1995年5月発行 広報よみたん / 4頁

【見出し】捨てられた空缶から 環境美化作文コンクール最高賞受賞作品 山内亮子(古堅中三年)

 私は学級で十月の後半に行われる学習発表会に縦十二㌢、横七㌢の空き缶を縦に六十一個、横に一〇二個余りの空き缶を針金でつるし、壁画を造ることになりました。そこで、私たちは空缶を集め始めました。休みの日も返上して、道に捨てられた缶を拾ったり、ゴミ箱に手をつっこんだりして集めました。
 そんなことをしているうちに、私は、今まで見向きもしなかった”道に捨てられた空缶””ゴミ箱の使い方”等に気づくようになりました。ゴミ箱が二つ置かれていて一つは燃えるゴミ、もう一つは燃えないゴミ、普通なら、燃えないゴミの方だけを探せばいいはずなのに燃えるゴミの方からも空缶が出てくるのです。ということは、きちんとゴミの分別がされていない・・・ということなのです。しかし、分別がされていなくても、まだゴミ箱に入れられているものは、まだいいほうなのかもしれない。と思えるのが、とても不思議でなんだか悲しく思えるのです。
 学活や放課後を利用して空缶を集めるとき、学校の周辺を一時間も回れば袋いっぱいの缶が集まってしまうほど沢山の缶が道端に捨てられているのです。正直なところ空缶を集めている私達にとっては、ただ道を歩くだけで缶が集まるということはとてもたすかることではあるのだけれど、この空缶に誰も見向きもしなくなってしまったらどうなるのでしょうか。ゴミがあればゴミ箱に捨てる、捨てる時にも燃えるゴミと燃えないゴミを分けて捨てるようにされている時は、分けて捨てる。
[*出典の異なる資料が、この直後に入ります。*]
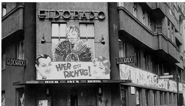
Abb. 6: El Dorado im Berlin der 1920er Jahre.
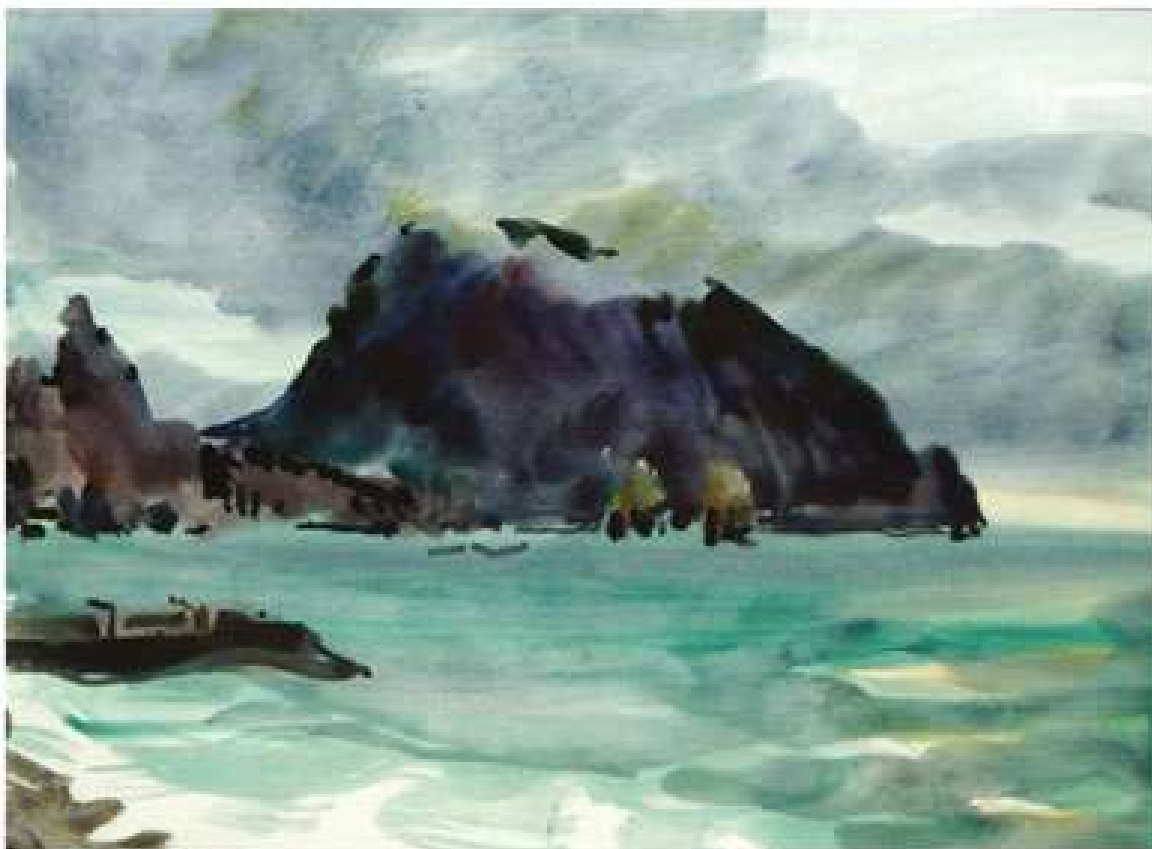
Анатолій Кравченко. Аю-Даг в Криму. 2010. Папір, акварель. 30x40
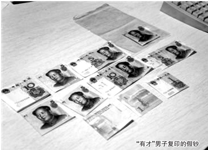
“有才”男子复印的假钞
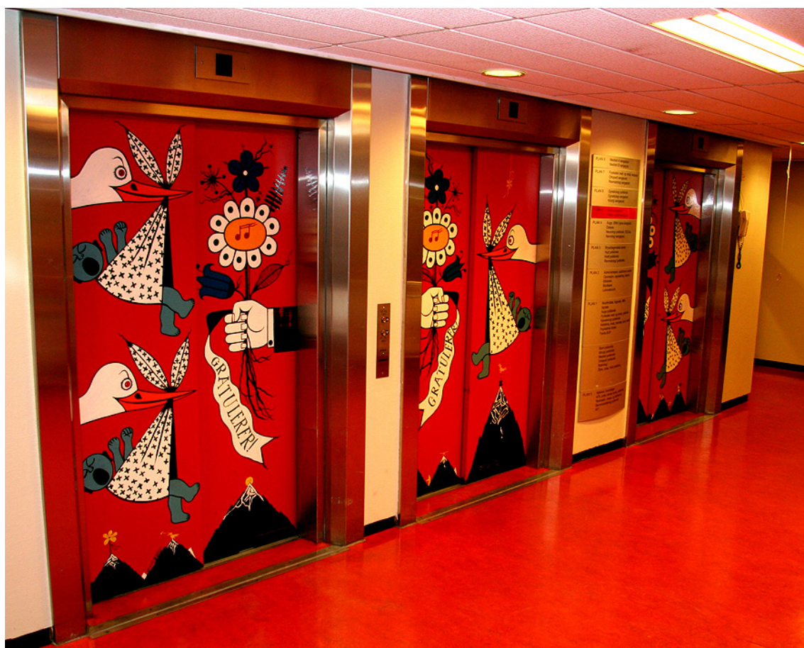
Heisparti til fødeavdelingen: Førde sentralsjukehus er fra 1979 er et av mange anlegg fredet gjennom de statlige landsverneplanene.

For enkelte temaer ser Riksantikvaren behovet for en mer systematisk tilnærming til utvelgelse av fredningsobjekter. Vi har de siste årene arbeidet mye med verneplan som metode og ser at dette er en god måte å gjennomføre fredninger på. For noen få utvalgte tema vil det være aktuelt å bruke verneplan som metode. Innenfor andre av de prioriterte temaene vil antall fredninger være så begrenset at utarbeidelse av en verneplan ikke vil være hensiktsmessig.
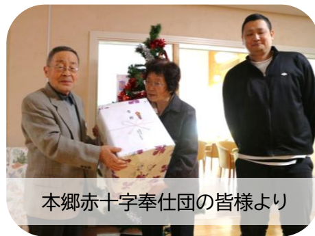
本郷赤十字奉仕団の皆様より
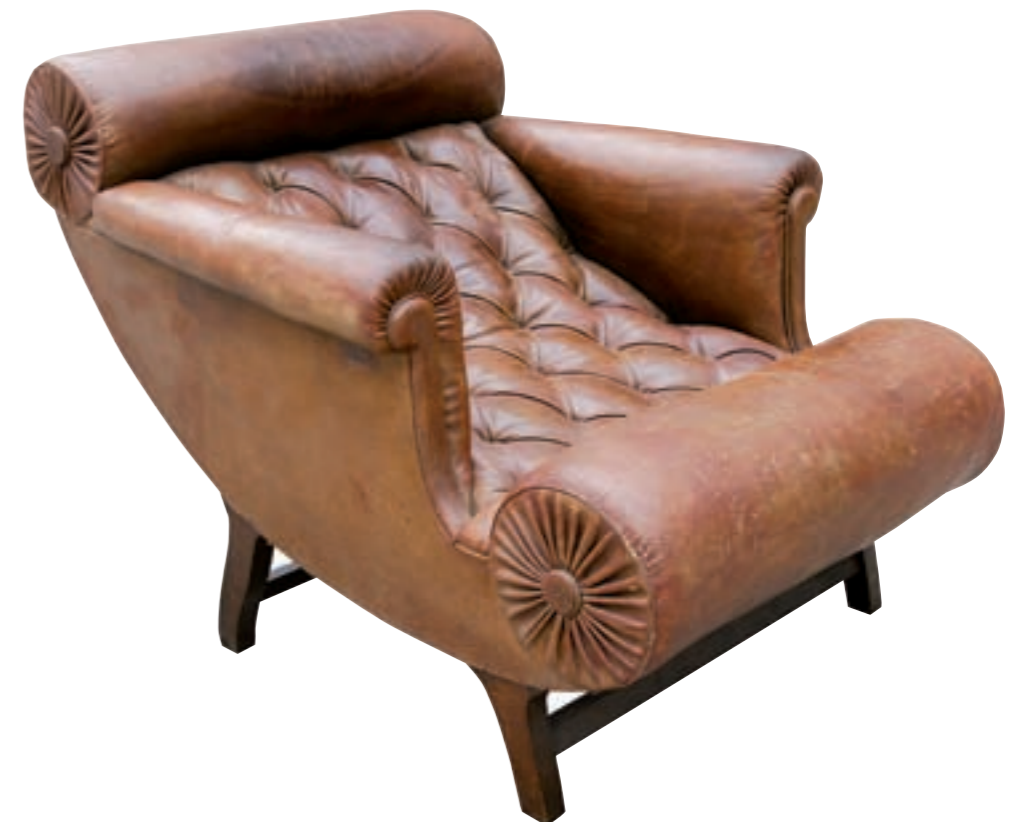
▶ ADOLF LOOS (1870-1933) „Knieschwimmer“ um 1910 orig. Lederbespannung

Wir danken für die positive Zusammenarbeit: COMMERZBANK (Schweiz) AG, LEXUS DIVISION und UNIQA Kunstversicherung
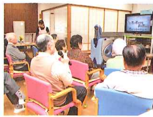
デイルーム カラオケが楽しめます
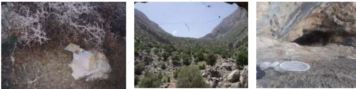
شکل ۲: توردستی و تورنامرئی (MistNet) به ترتیب برای نمونه برداری خفاش‌ها در داخل غار و در دهانه غار، تله زنده گیر برای نمونه برداری از جوندگان.

(Rhinolophidae)، شبانگهی (Vespertilionidae)، دم‌موشی (Rhinopomatiade) و بال‌خمیده (Miniopteridae) قرار می‌گیرند. از خانواده خفاش‌های نعل‌اسبی سه گونه نعل‌اسبی بزرگ ( Rhinolophus ferrumequinum )، نعل‌اسبی کوچک ( Rhinolophus hipposideros ) و نعل‌اسبی مهلی ( Rhinolophus mehelyi ) در هورامان یافت شد. خفاش‌های شبانگهی بزرگترین خانواده خفاش‌ها و یکی از متنوع‌ترین آنها در جهان است که از این خانواده، گونه‌های گوش‌موشی کوچک ( Myotis blythi )، انگشت‌دراز ( Myotis capaccinii )
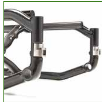
Telaio ibrido per altezze anteriori ridotte
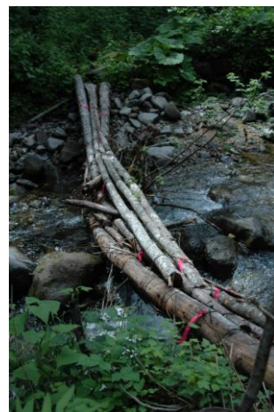
⑨旧道上流の折れた丸太橋

あたりまえのことがあたりまえにされていない、それだけではなく、なぜか車内からゴミが外へ投げ出される、あたかもそれがあたりまえであるかのように行っている人がとても多いのです。”ポイ捨て”に対して無関心になりつつある中で村をきれいにしようと一生懸命頑張っている人がいることにも気づいてほしいのです。何げなく捨てられたゴミ、それを拾い、かたづけている人がいる。誰が見ていようと、見ていまいと、少しでもきれいにしようと努力している人がいるのです。
 観光地として発展しつつある読谷村は、村民に「ポイ捨て禁止条例」を発令しました。観光地として発展していく中で美しい村づくりに力を入れ初めたのです。この条例の中に三万円以下の罰金という項目がありますが、この項目は一体、何を意味しているのでしょうか。人が見ていないからゴミを捨てる、人が見ているからゴミを捨てない、罰金があるからゴミを捨てない、というようなことではなく、自分達の村だからゴミを捨てずにきれいな村にしていこう、そんな意味が込められているのではないでしょうか。空缶集めをする前の私だったら、条例をつくっておきながら、なぜ取締りを行わないのか、もっと罰金を増やせばよいのではないか、と思ったかもしれません。けれど、今はお金を取ることや、強制的にゴミを減らすということに意味があるのではなく、「条例」というものをきっかけにして、ほんの少しでも「ポイ捨て」はいけない、と心にとめて”ポイ捨て”をしないようにする。それが本当の「ポイ捨て禁止条例の意味」なのではないのでしょうか。と私は思うのです。
 これからの読谷村に、一人もい”ポイ捨て”をする人がいなくなるくらいに一人一人が気をつけていかなければならない最も大切なことだと私は思います。